▸ **Information shown**

________

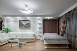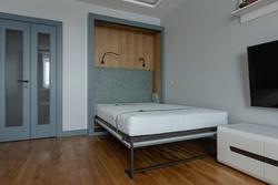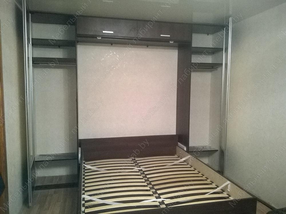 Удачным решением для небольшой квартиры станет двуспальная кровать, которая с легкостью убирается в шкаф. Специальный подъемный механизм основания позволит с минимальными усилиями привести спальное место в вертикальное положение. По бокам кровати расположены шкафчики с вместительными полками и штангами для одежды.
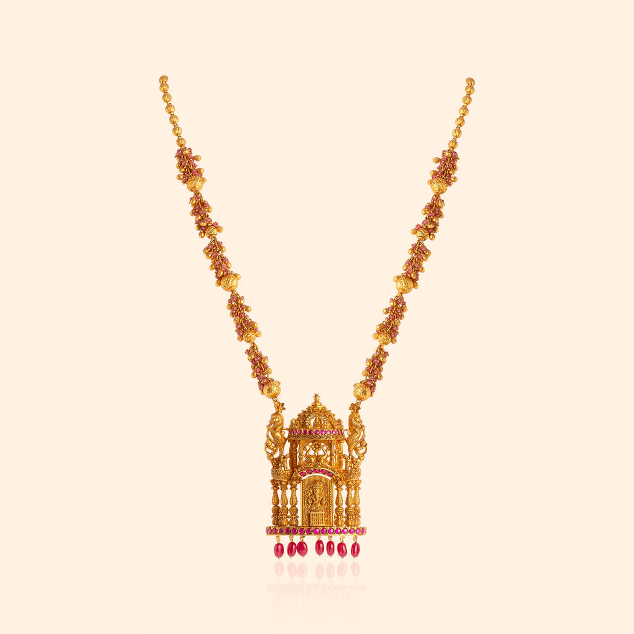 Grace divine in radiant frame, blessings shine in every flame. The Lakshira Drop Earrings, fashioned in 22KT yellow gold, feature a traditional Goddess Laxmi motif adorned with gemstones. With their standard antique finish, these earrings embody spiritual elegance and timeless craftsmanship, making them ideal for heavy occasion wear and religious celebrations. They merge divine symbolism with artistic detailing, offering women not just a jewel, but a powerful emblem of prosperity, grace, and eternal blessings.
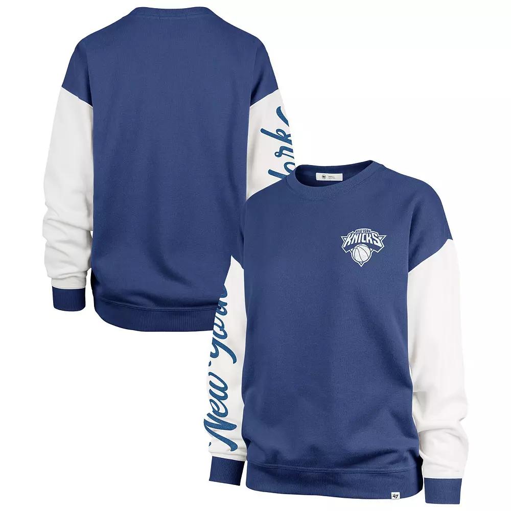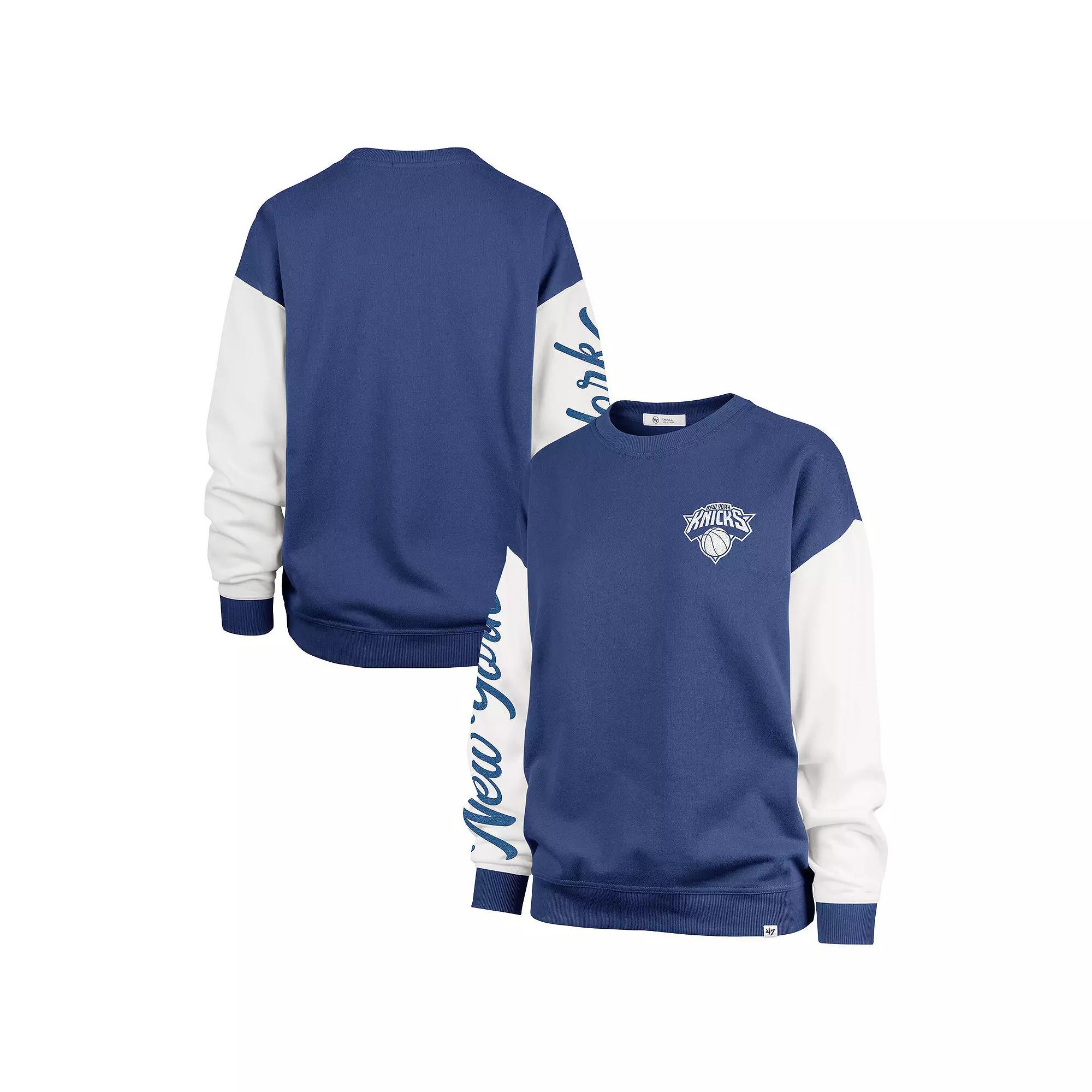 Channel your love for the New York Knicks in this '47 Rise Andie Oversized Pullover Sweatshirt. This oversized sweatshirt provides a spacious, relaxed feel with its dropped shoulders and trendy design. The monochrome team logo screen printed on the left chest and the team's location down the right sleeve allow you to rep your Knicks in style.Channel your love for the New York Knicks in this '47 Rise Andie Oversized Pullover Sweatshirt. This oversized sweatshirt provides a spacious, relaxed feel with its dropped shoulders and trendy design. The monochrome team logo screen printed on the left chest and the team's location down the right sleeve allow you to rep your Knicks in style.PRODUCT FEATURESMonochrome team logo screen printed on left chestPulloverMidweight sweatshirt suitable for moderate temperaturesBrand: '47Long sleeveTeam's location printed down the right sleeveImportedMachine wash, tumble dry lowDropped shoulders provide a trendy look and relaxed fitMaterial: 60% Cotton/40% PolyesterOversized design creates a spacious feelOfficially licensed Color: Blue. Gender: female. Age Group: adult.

________

▸ **Brief**
Only the lines from the beginning of the listing up to and including the line with "Grace divine in" should appear in the reply, copied word for word and free of pictures.

▸ **Answer space**
 Удачным решением для небольшой квартиры станет двуспальная кровать, которая с легкостью убирается в шкаф. Специальный подъемный механизм основания позволит с минимальными усилиями привести спальное место в вертикальное положение. По бокам кровати расположены шкафчики с вместительными полками и штангами для одежды.
 Grace divine in radiant frame, blessings shine in every flame. The Lakshira Drop Earrings, fashioned in 22KT yellow gold, feature a traditional Goddess Laxmi motif adorned with gemstones. With their standard antique finish, these earrings embody spiritual elegance and timeless craftsmanship, making them ideal for heavy occasion wear and religious celebrations. They merge divine symbolism with artistic detailing, offering women not just a jewel, but a powerful emblem of prosperity, grace, and eternal blessings.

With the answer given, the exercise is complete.